■ WHAT TO DO: The lines from the one containing "sharp edges. |" through the last line below, both ends included, must be reproduced exactly, with no pictures.

■ ENTRIES SHOWN:
------
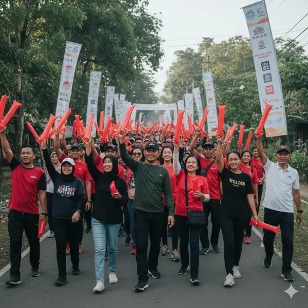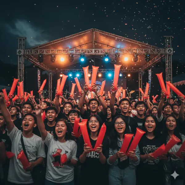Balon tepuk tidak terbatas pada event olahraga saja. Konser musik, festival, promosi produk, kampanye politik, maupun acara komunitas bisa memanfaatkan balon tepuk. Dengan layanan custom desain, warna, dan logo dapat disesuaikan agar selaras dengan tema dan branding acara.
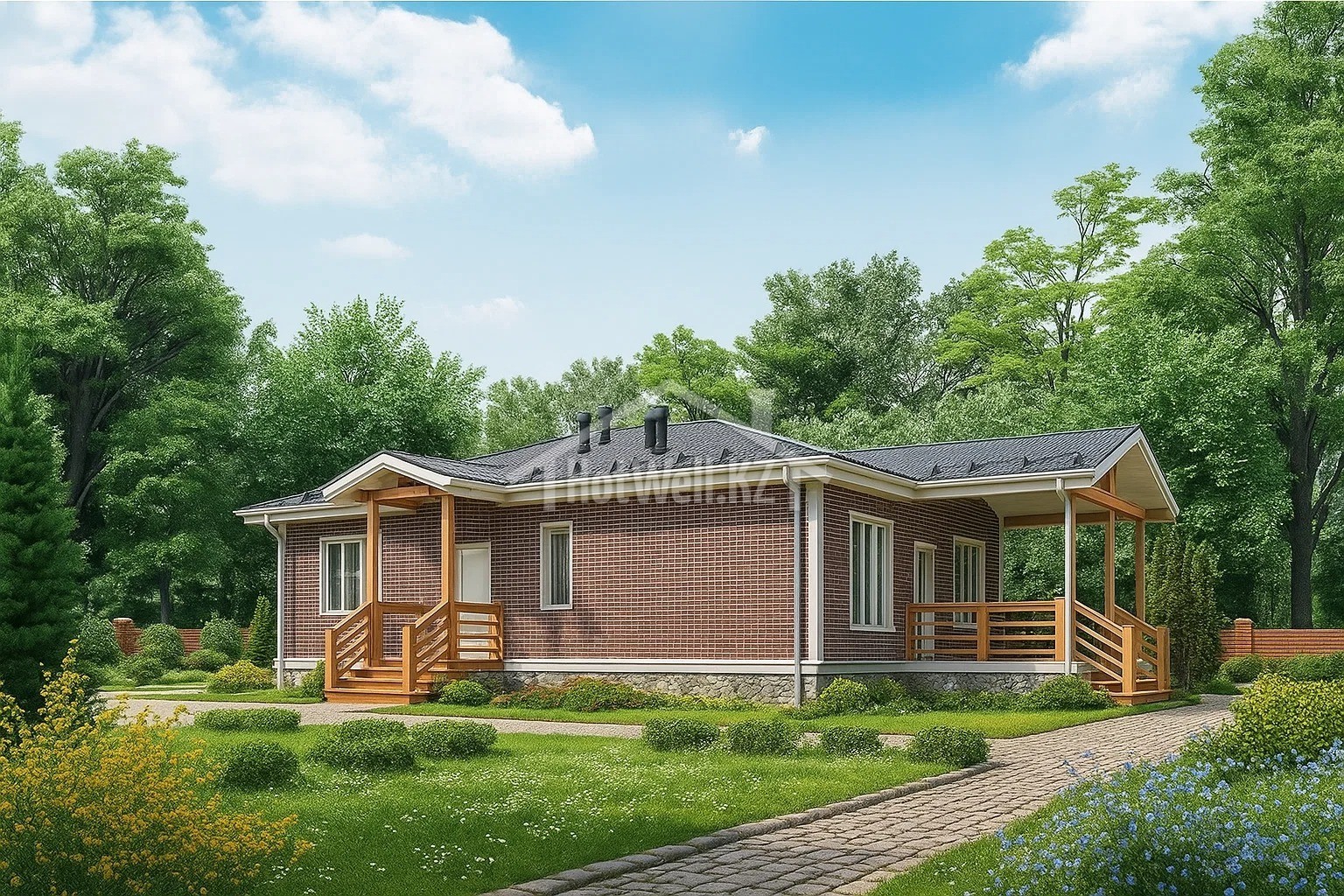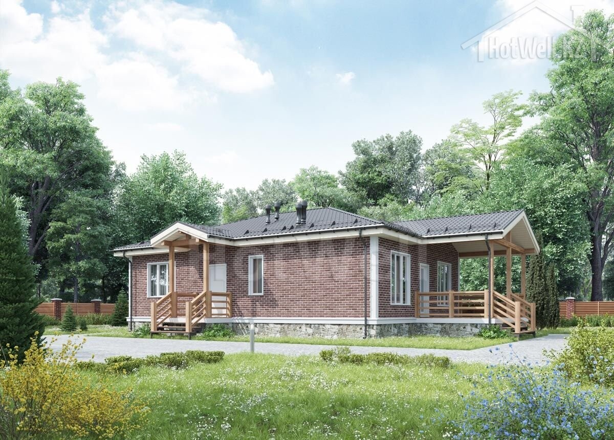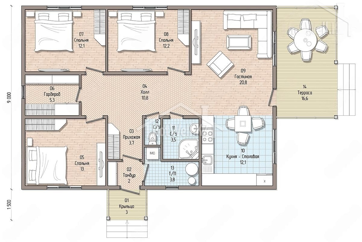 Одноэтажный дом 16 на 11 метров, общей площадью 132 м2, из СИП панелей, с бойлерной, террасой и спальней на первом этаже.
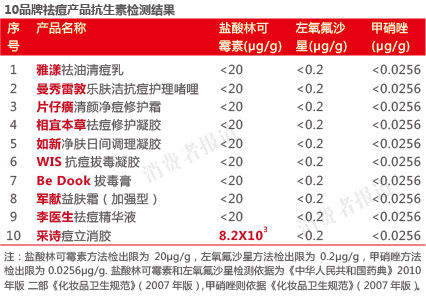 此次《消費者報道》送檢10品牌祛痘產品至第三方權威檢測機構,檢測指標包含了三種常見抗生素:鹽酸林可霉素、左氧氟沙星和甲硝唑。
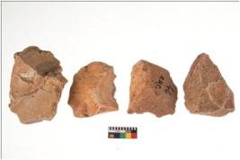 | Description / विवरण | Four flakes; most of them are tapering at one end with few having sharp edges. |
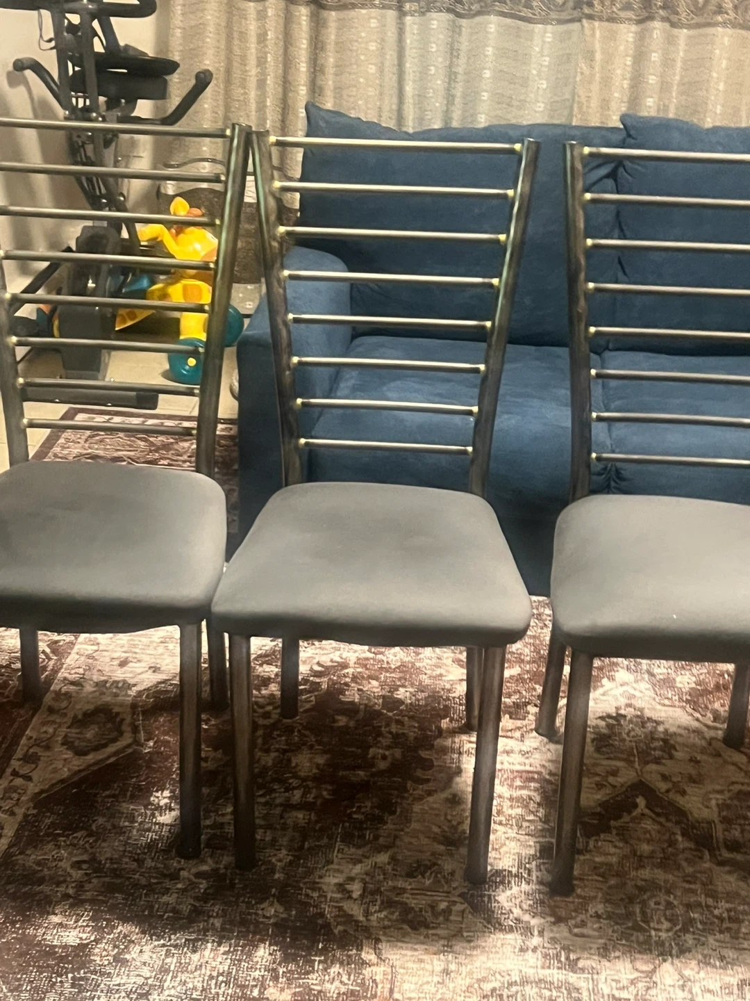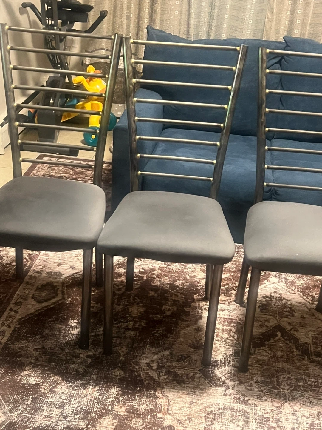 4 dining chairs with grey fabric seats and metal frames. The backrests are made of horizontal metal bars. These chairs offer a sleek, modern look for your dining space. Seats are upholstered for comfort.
------
■ WRITTEN SOLUTION:
 | Description / विवरण | Four flakes; most of them are tapering at one end with few having sharp edges. |
 4 dining chairs with grey fabric seats and metal frames. The backrests are made of horizontal metal bars. These chairs offer a sleek, modern look for your dining space. Seats are upholstered for comfort.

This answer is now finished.